The show begins on a stripped back stage, onto which are brought only those props, puppets and musical instruments that are required by the story. Then there are the meta-theatrical gags; such as blue-blooded suitor Patrizio asking the stage manager if there's time for one more kiss with his beloved Rapunzel.

In Annie Siddons's delightfully unhinged adaptation of the Grimms' tale, the evil emanates from a full-time herbalist, Mother Gothel (Wendy Seager on fine form), who dabbles in a bit of witchcraft on the side. Having raised the abandoned Rapunzel as her own, she promptly locks her up in a tower the moment that adolescence arrives.

What follows is a slightly insane, often picaresque adventure in which the rogue Ambrosi (a wonderfully funny performance from Peter Collins) is at least as heroic as Ewan Somers's sympathetic and tragic Patrizio. Audacious live rock music, played by superb musician Cat Myers and the universally excellent cast, is as bright and bold as the characterisations.

All of which would mean little without a great Rapunzel, and Kemp has one in the shape of acclaimed, young actress Jessica Hardwick. Endearingly rumbustious, Hardwick's heroine is hilarious in her unbridled passion for Patrizio (whose face seems in danger of being kissed off).

However, she is also tremendously empathetic, taking us with her in the play's bleaker moments, when Patrizio searches for his love in darkness.

Daring, extremely funny, unafraid of the cruelty in the Grimms' story, and quite unique in its theatrical approach, this is a family production worth climbing a tower for.

Alternatively, if you're not taking children with you, Edinburgh's Traverse Theatre has established itself as the place to go for live drama aimed at adults during the Christmas season. This year's offering, Tracks Of The Winter Bear, pretends to be a two-act play with two distinct writers. What it is, in fact, is a double bill of two very distinct short plays.

The first, written by Stephen Greenhorn and directed by Zinnie Harris, is a moving story of a working-class, lesbian couple from Edinburgh who have been separated by illness.

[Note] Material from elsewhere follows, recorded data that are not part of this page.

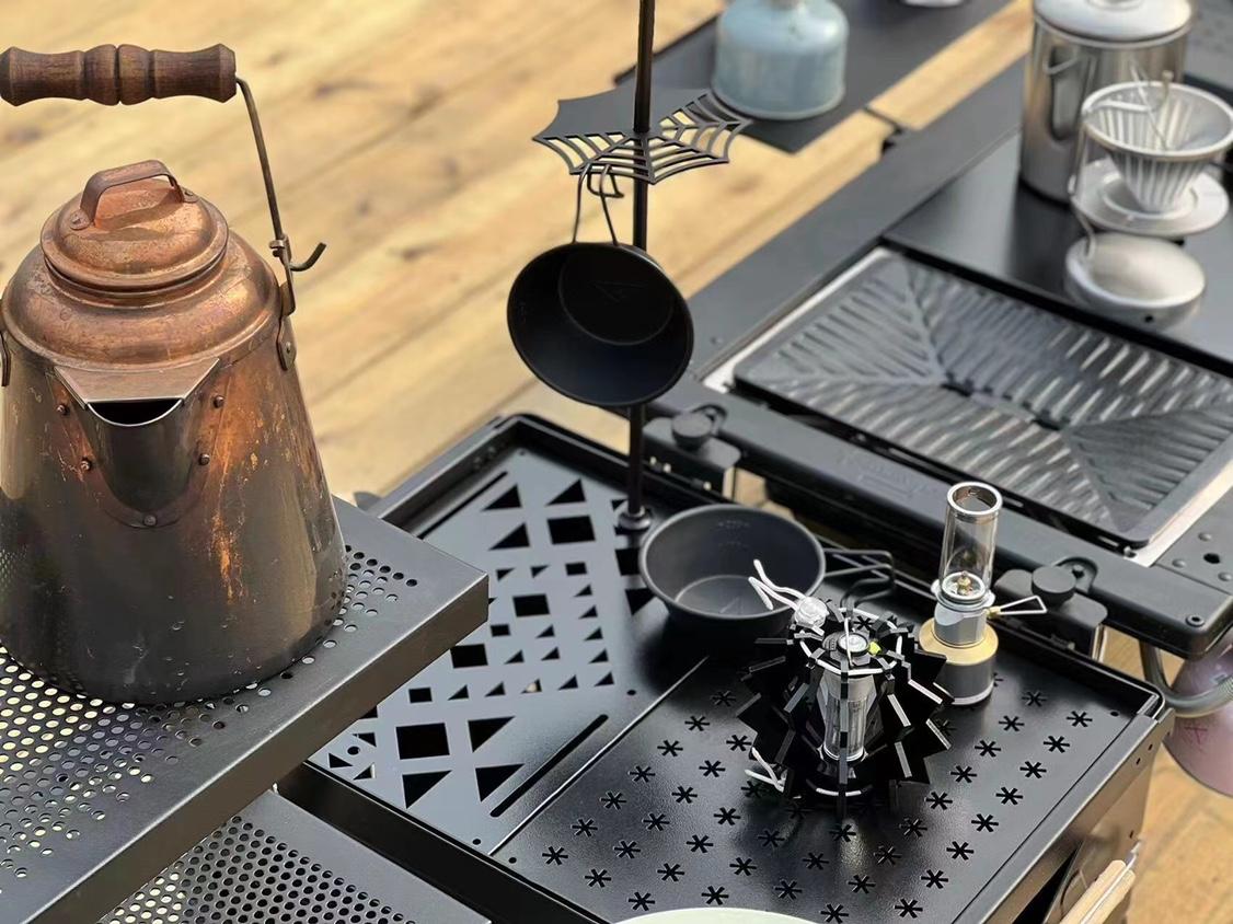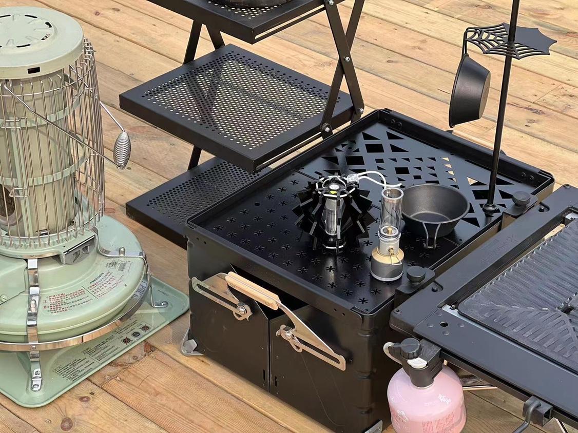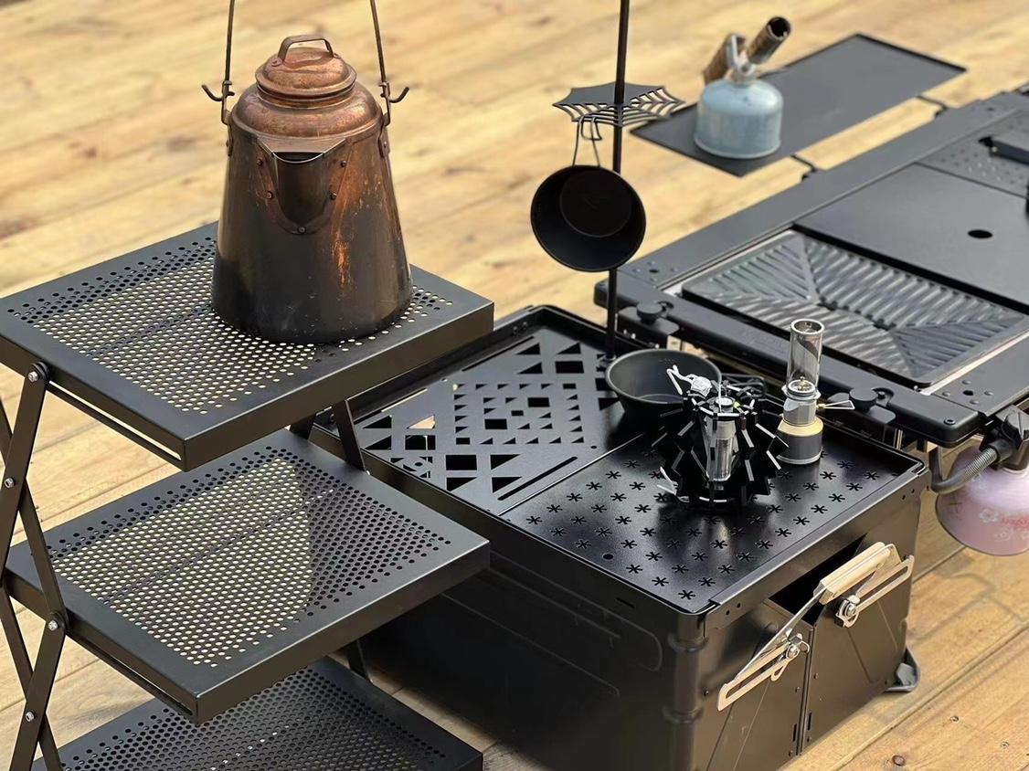 블랙 캠핑 장비 주방 시스템 igt 세트 모바일 주방 캠핑 피크닉 다기능 스테인레스 스틸 테이블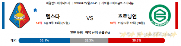 2026-04-05 01:45 에레디비지 텔스타 vs FC 흐로닝언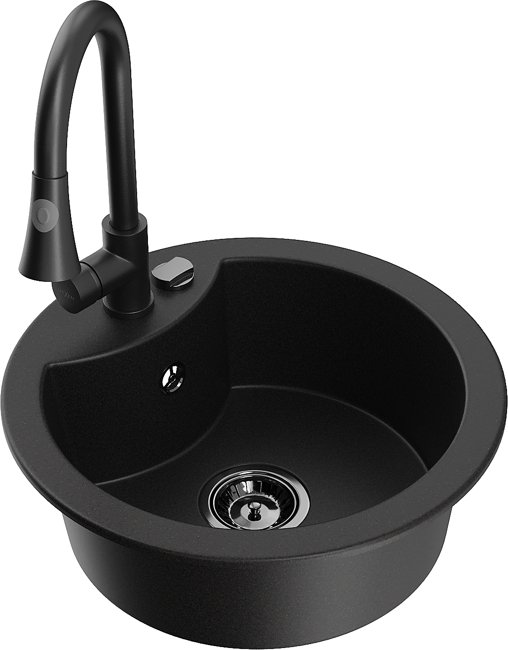 Mexen Diego granitinė plautuvė su virtuvės maišytuvu Elia, juoda - 6512-77-670101-70-B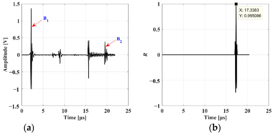 The correlation calculation result of an actual received ultrasonic signal: (a) the ultrasonic echo signal; (b) the correlation coefficient distribution.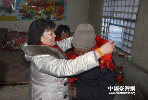 1月5日,“北京臺灣城”28名員工在董事長郭瑞先帶領(lǐng)下來到阜平縣, 為駱駝灣村每家每戶送去過冬物資。圖為“北京臺灣城”董事長郭瑞先為村民帶上圍巾。(中國臺灣網(wǎng)發(fā))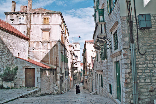 И вновь серая краска дня, морось дождя. Гуляя по улицам города, я даже не надеялся, что смогу сделать хотя бы одну фотографию. Тем не менее с каждым шагом я все больше влюблялся в Шибеник, который по своей красоте не уступал Трогиру. Передать, что я чувствовал в тот момент, очень трудно. Город словно вымер, дождь разогнал всех: и горожан, и приезжих. Однако не было ощущения одиночества.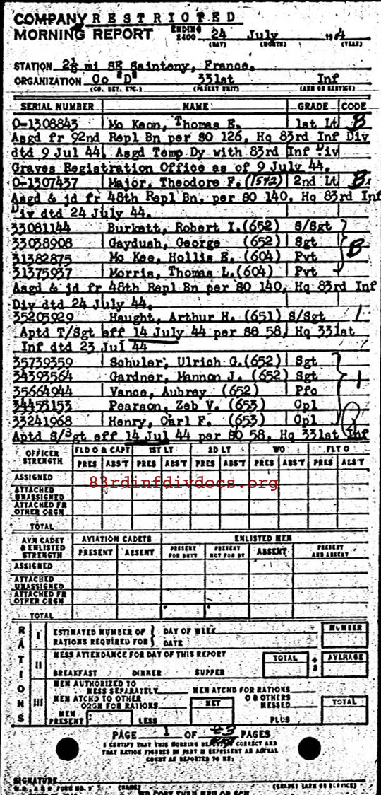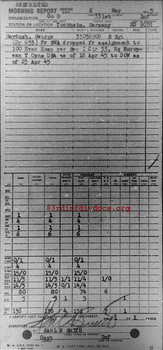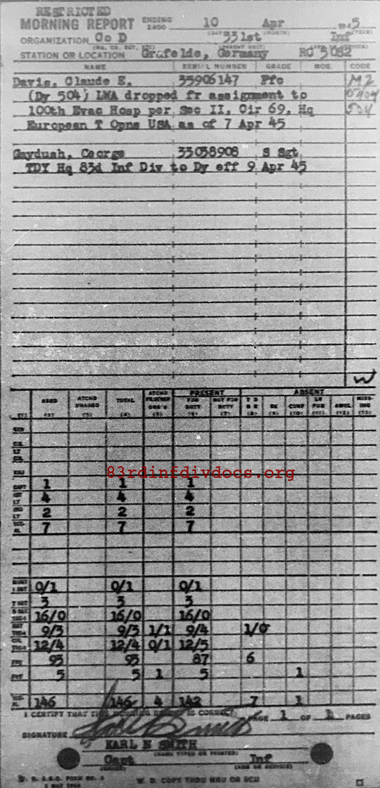 | 1945-04-10 | SSGT | Returned to duty from Divisional HQ, 83rd Infantry Division on April 9, 1945 | D / 331 | view page | |

Although it shifts back-and-forth in time as if it were an early Tarantino movie, River City creator Greenhorn's writing rarely strays from soap opera-style naturalism.

There is a powerful, uncomprehending sadness in Deborah Arnott's playing of Shula (the lover who is left behind). Her encounters with would-be Samaritans who, ultimately, reconfirm her solitude are painfully realistic.

The second playlet, by Rona Munro (author of the acclaimed play Iron and the opinion-splitting James Plays) and directed by Orla O'Loughlin, is a darkly comic affair. A dodgy Winter Wonderland theme park in northern Scotland is plunged into crisis when its polar bear escapes.

The bear (a lovely performance from Caroline Deyga) can talk, both in its own voice and those of the people it has eaten. Its encounter with Jackie, the Wonderland's newly unemployed Mrs Claus (the ever-fantastic Kathryn Howden), becomes a journey into Jackie's soul.

Ending, poignantly, back on the streets of an Edinburgh housing scheme, and, like Greenhorn's piece, blessed by beautifully simple set and lighting designs (by Kai Fischer and Simon Wilkinson), Munro's mini-play is an emotive and highly original piece of alternative Christmas theatre.